No, Higher Wages Won’t Fix the Cost of Living Crisis

But we should demand them anyway.

by Matteo Tiratelli

1 August 2022

A woman with long curly black hair and a black covid mask holds up a homemade cardboard sign on which is written in pale blue writing: "NHS hero but my purse says zero"
Wiktor Szymanowicz/NurPhoto

The Institute for Fiscal Studies (IFS) is an unusual institution. Founded in 1969 by four financial professionals in response to then Labour chancellor Jim Callaghan’s plans to reform the tax system, it has since evolved into Britain’s most prestigious and studiously non-partisan economic think tank. This year, its annual report on living standards, poverty and inequality emerged just as Boris Johnson announced his time as prime minister would soon be coming to an end, and it paints a complicated and contradictory picture of his last year in office: everything changed so that everything could remain the same.

The report focuses on the first year of the Covid-19 pandemic and its authors find themselves in a surprisingly positive mood: furlough basically worked. While GDP collapsed at an unprecedented rate, the average household in Britain lost less than 2% of its income, while the poorest households’ income actually grew by about 3%.

Despite its many gaps and limitations, the unprecedented furlough policy meant that millions lost jobs but not income. And while reduced wages hurt everyone, it mattered less to those already earning poverty pay and whose incomes were bolstered by the (since scrapped) £20-a-week uplift to universal credit (UC).

Few people would have expected inequality to go down during a pandemic under a Tory government. It wasn’t supposed to.
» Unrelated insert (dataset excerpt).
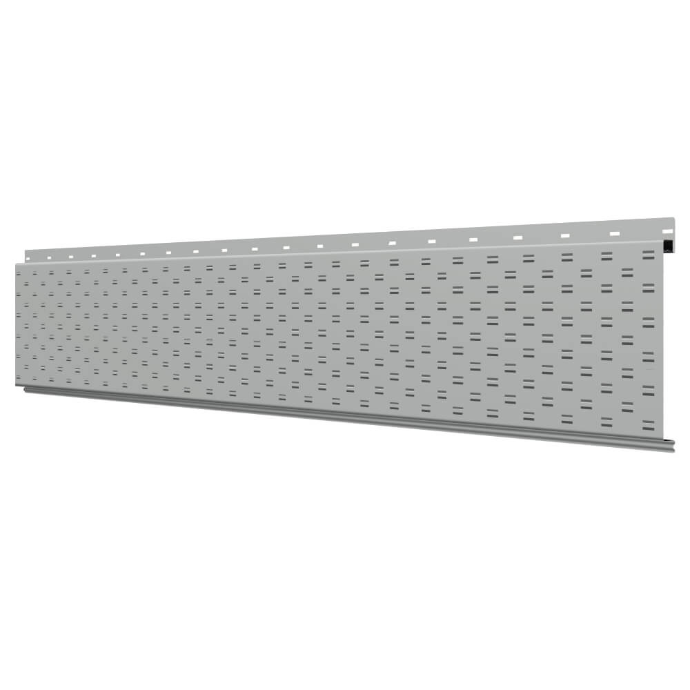 Линеарная потолочно-стеновая панель с ПЕРФОРАЦИЕЙ для вентиляции цвет RAL9006 Серебро применяется в качестве софитов для подшивы крыши, наружной и внутренней отделки потолков, стен, фронтонов фасада дома в Белгороде.

This was not a deliberate strategy, nor should we expect those small changes in inequality to become permanent. But the haphazard and reactive way that Johnson and Sunak made economic policy has had some unexpected benefits.
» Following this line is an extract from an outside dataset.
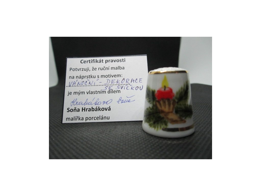 Sběratelský náprstek - Vánoční - dekorace se svíčkou - Hrabáková Soňa, s certifikátem, ruční malba
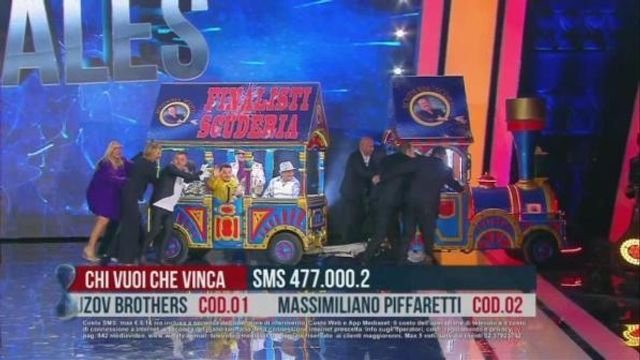 La Scuderia Scotti ha mandato letteralmente in tilt la finale di Tu Si Que Vales, il talent di Canale 5 arrivato al suo ultimo appuntamento. Il primo ad esibirsi è Antonio, il cantante giravolta, che si lancia letteralmente sui giudici del talent. Finita la sua performance il trenino con gli altri "talenti" è pronto a ripartire ma qualcosa va storto e il treno non parte. "Ragazzi ma si è rotto il treno per caso?", chiede imbarazzata Belen. Immediata la reazione di Capitan Scotti che chiama a raccolta i suoi colleghi e si mette a spingere la locomotiva. "Praticamente ho fatto tutto io", dice scherzando Martin Castrogiovanni abituato a certi sforzi. "Scusate ma la scuderia ha finito i soldi per il gasolio", chiosa Scotti.

Take national insurance, for example. In December, Johnson announced a new health and social care levy via a national insurance increase to pay for rebuilding the NHS after the pandemic. But fewer than five months later, under pressure from Labour and Tory MPs, that increase in NI was coupled with an increase in the threshold at which we start paying it. This means that poorer households are likely to see their NI payments go down, while richer households will have to pay more.

Confusingly, the IFS points out that Johnson has done the opposite when it comes to income tax. Here thresholds have been frozen and the rates cut, imposing a “stealth tax” on most people and making income tax less progressive than it was before.
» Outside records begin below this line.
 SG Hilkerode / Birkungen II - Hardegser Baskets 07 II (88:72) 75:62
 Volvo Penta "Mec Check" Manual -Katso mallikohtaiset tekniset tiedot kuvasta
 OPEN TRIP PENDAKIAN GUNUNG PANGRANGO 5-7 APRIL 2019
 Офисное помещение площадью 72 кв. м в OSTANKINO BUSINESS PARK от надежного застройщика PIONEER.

Changes to benefits have gone through a similar see-saw motion. Despite a wave of criticism, Sunak brought the UC uplift to an end in October, threatening millions with poverty. But in the last few months, he introduced a whole raft of new income support policies that will more than offset that £20 a week. Where do we go from here?

In its focus on the first year of the pandemic, the IFS report feels strangely out of date. This is no shade on the researchers, who can only work with the data available. But it means the report is light on stories of skyrocketing inflation and possible global recession. Nevertheless, the longer history that it describes is just as bleak.

It’s well known that the UK has suffered 15 years of lost growth: since 2007, typical incomes have fallen by 2% in Britain, while rising by 34% in France and 27% in Germany. But, in many ways, our troubles began long before the so-called Great Recession. Although there was a rapid fall in poverty rates during the 1990s, this had started to slow by the early 2000s as incomes stagnated. GDP growth has also been falling since the 1960s. Despite the invention of the iPhone, we haven’t seen sustained productivity gains for decades.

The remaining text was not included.